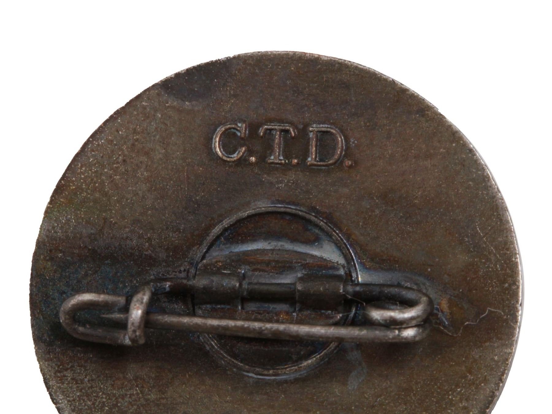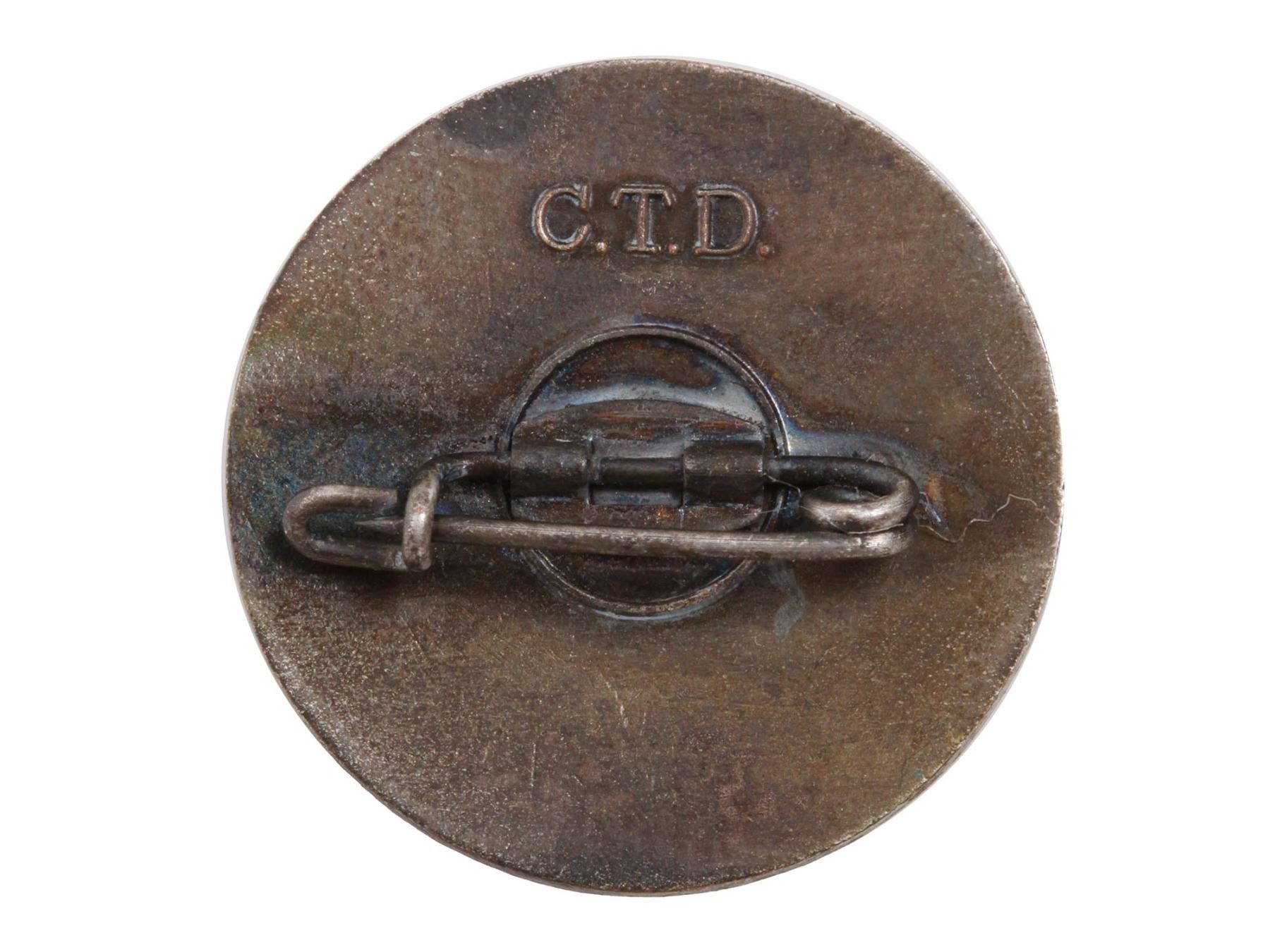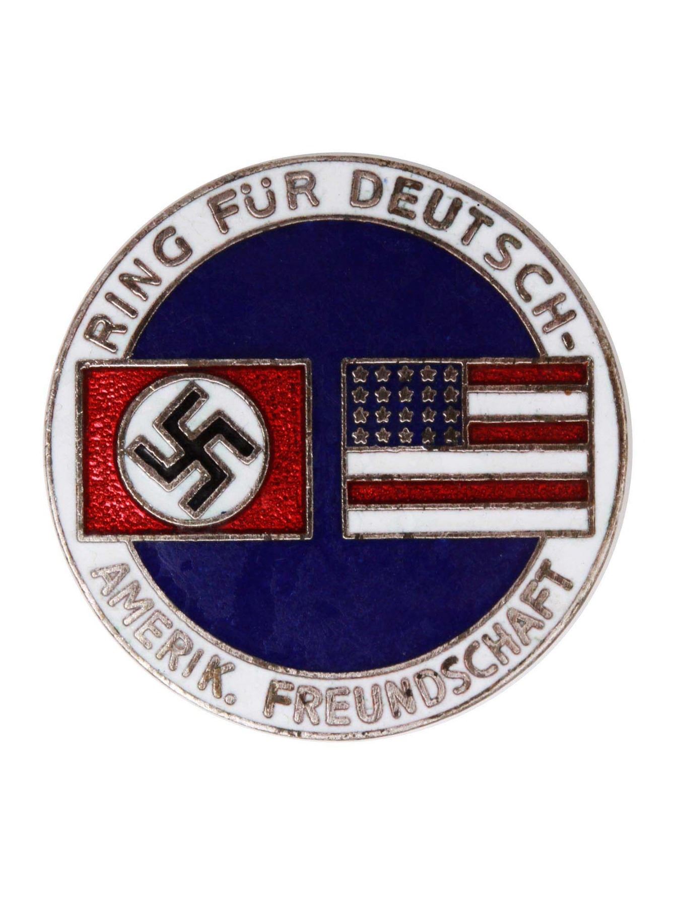 An original Pre-War Period Nazi German and American friendship pin badge enameled on dark brass-tone metal with Nazi German and American flags shown side by side in apparent solidarity. Marked with C.T.D for the manufacturer on verso.
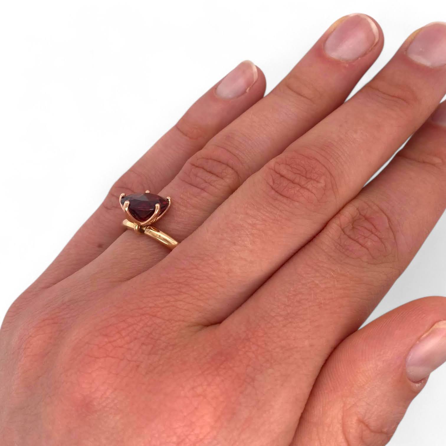 Roségouden tuimel penta ring met granaat -14k – eigen atelier #25519
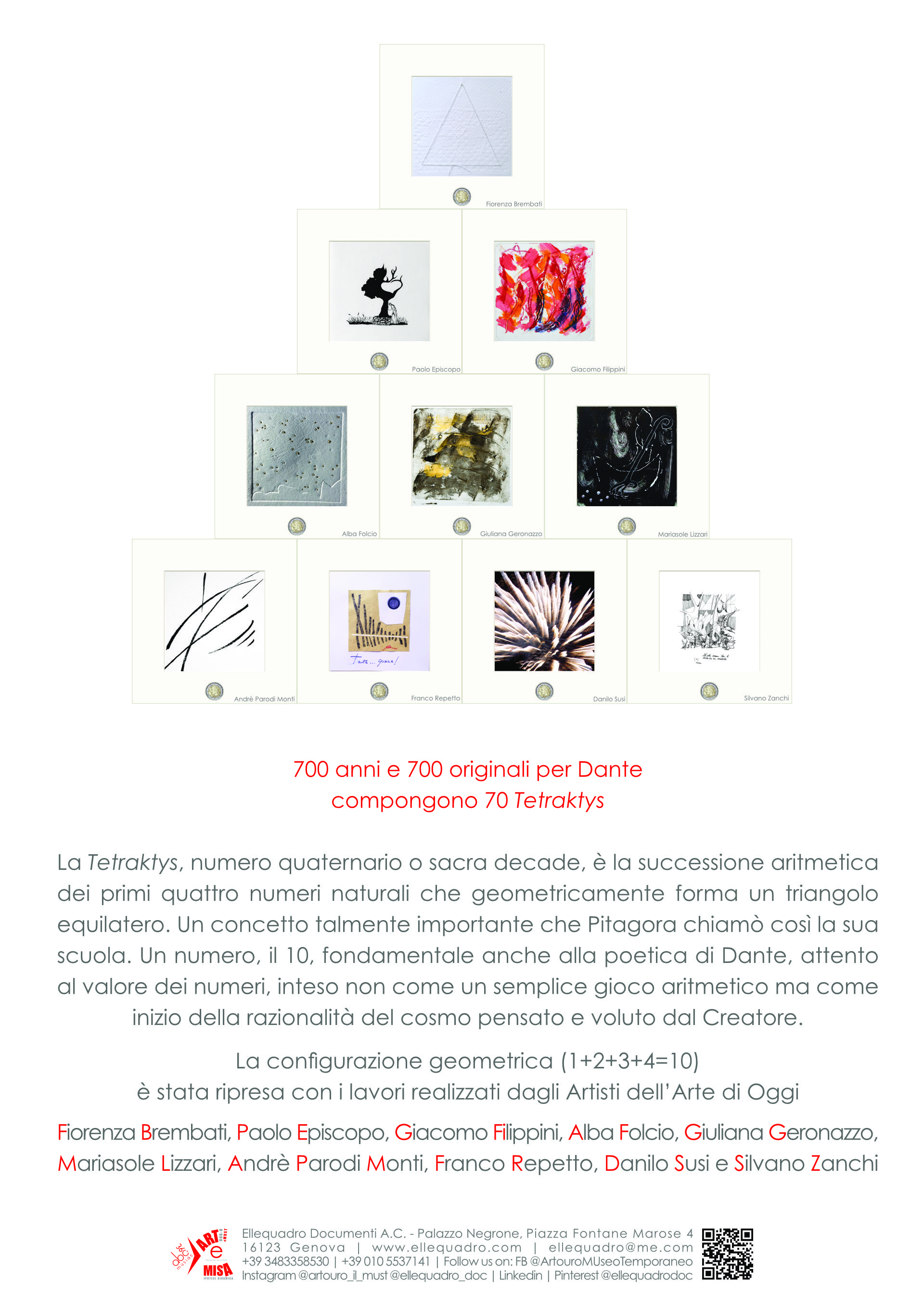 700 opere uniche per i 700 anni di Dante e 70 studi preparatori costituiscono le Tetraktys. Il concetto risale a Pitagora e vede il 10 come numero divino quale somma di 1+2+3+4. Il lessico di 10 artisti appassionati del Sommo Poeta si modula così sul tema di Dante tra focus, incontri, luoghi ricchi di fascino, cenacoli, selfie e un momento ludico-creativo che coinvolge l'osservatore.
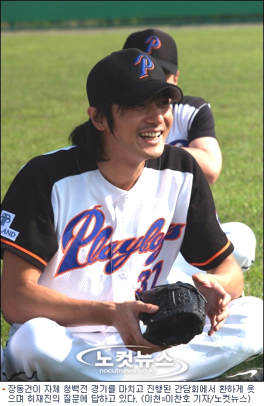 14일 오후 경기도 이천 건국대학교 이종범야구장에서 열린 영화배우들의 야구팀 플레이보이스의 경기에서 취재진의 가장 큰 관심을 끈 선수는 장동건.
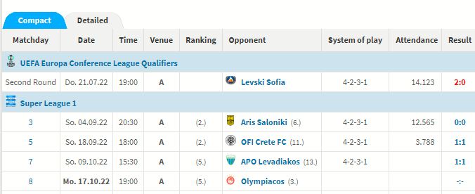 Οι ασπρόμαυροι ξεκίνησαν τη Super League με τρεις νίκες στα πρώτα τέσσερα παιχνίδια, αλλά στα τελευταία τρία έχουν δύο ισοπαλίες και μια ήττα, γεγονός που τους έχει φέρει στο -9 από την κορυφή και τον Παναθηναϊκό. Δύο ισοπαλίες με τον ΟΦΗ στην Κρήτη (1-1) και τον Λεβαδειακό στη Βοιωτία (1-1), με τον Δικέφαλο να δέχεται τα γκολ στα τελευταία λεπτά, αλλά και μια ήττα από τον Παναθηναϊκό στην Τούμπα με 2-1, για την 6η αγωνιστική.

- **WORK INSTRUCTIONS**:
Word for word, give again the lines from the line holding "Roségouden tuimel penta" through the last line of the material, both included; pictures are not part of the copy.

- **WRITTEN SOLUTION**:
 Roségouden tuimel penta ring met granaat -14k – eigen atelier #25519
 700 opere uniche per i 700 anni di Dante e 70 studi preparatori costituiscono le Tetraktys. Il concetto risale a Pitagora e vede il 10 come numero divino quale somma di 1+2+3+4. Il lessico di 10 artisti appassionati del Sommo Poeta si modula così sul tema di Dante tra focus, incontri, luoghi ricchi di fascino, cenacoli, selfie e un momento ludico-creativo che coinvolge l'osservatore.
 14일 오후 경기도 이천 건국대학교 이종범야구장에서 열린 영화배우들의 야구팀 플레이보이스의 경기에서 취재진의 가장 큰 관심을 끈 선수는 장동건.
 Οι ασπρόμαυροι ξεκίνησαν τη Super League με τρεις νίκες στα πρώτα τέσσερα παιχνίδια, αλλά στα τελευταία τρία έχουν δύο ισοπαλίες και μια ήττα, γεγονός που τους έχει φέρει στο -9 από την κορυφή και τον Παναθηναϊκό. Δύο ισοπαλίες με τον ΟΦΗ στην Κρήτη (1-1) και τον Λεβαδειακό στη Βοιωτία (1-1), με τον Δικέφαλο να δέχεται τα γκολ στα τελευταία λεπτά, αλλά και μια ήττα από τον Παναθηναϊκό στην Τούμπα με 2-1, για την 6η αγωνιστική.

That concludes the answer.